Madonna, 1894 by Edvard Munch
Originally called Loving Woman, this picture can be taken to symbolize what Munch considered the essential acts of the female life cycle: sexual intercourse, causing fertilization, procreation and death. Evidence for the first is in the picture itself, an intensified, spiritualized variation in the nude of the 'mating' pose, the woman depicted as though recumbent beneath her lover. The ethereal beauty of her face was said to resemble both Dagny Przybyszewska and her sister Ragnhild Backstrom. Procreation was implied by the decoration of the original frame, later discarded, on which were painted drops of semen and an embryo. That Munch associated the image with death is clear from his own comments on the picture, in which he sees it as representing the eternal cyclical process of generation and decay in nature. He continually connected love with death: for the man, because it eviscerated him, for the woman, because, following Schopenhauer, he appears to have thought her function ended with child-bearing.
To call the picture Madonna is not in-appropriate if the word is understood metaphorically, for Munch, unable to accept Christianity or a personal god, regarded the continuous generation and metamorphosis of life in a religious light, subsuming its spiritual as well as its material components. The blood-red halo around the woman's head could be considered the spiritual counterpart to the touches of red on her lips, nipples and navel. She seems to float within curing bands of colored light suggestive of art nouveau. Far from deforming her, however, they look like a supernatural emanation, possibly deriving from the spiritualist notion of an aura, surrounding all individuals but only visible to mediums.
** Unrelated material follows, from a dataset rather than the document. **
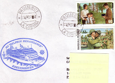 Cover do MS DELPHIN RENAISSANCE" - 04.05.2004 - PAQUEBOT A Coruña - com maravilhosos selos das Marshall Islands

Like many other modern artists, during his entire career, Munch likes to insistently works and reworks each idea. For example, The Scream exists in three different version, and Munch left at least five versions of Madonna. Even with different themes and variations, Munch's works always represent a fixation on subject matter, and over time they become elements in a series with a life of its own. From Claude Monet in his pursuit of natural light until his technique all but effaced the subject of his Water Lilies, from Piet Mondrian's grid series to Jackson Pollock's bare numeric titles that somehow include both One and Number One, Modernism found in series at once a point of origin and a free play that cannot cease.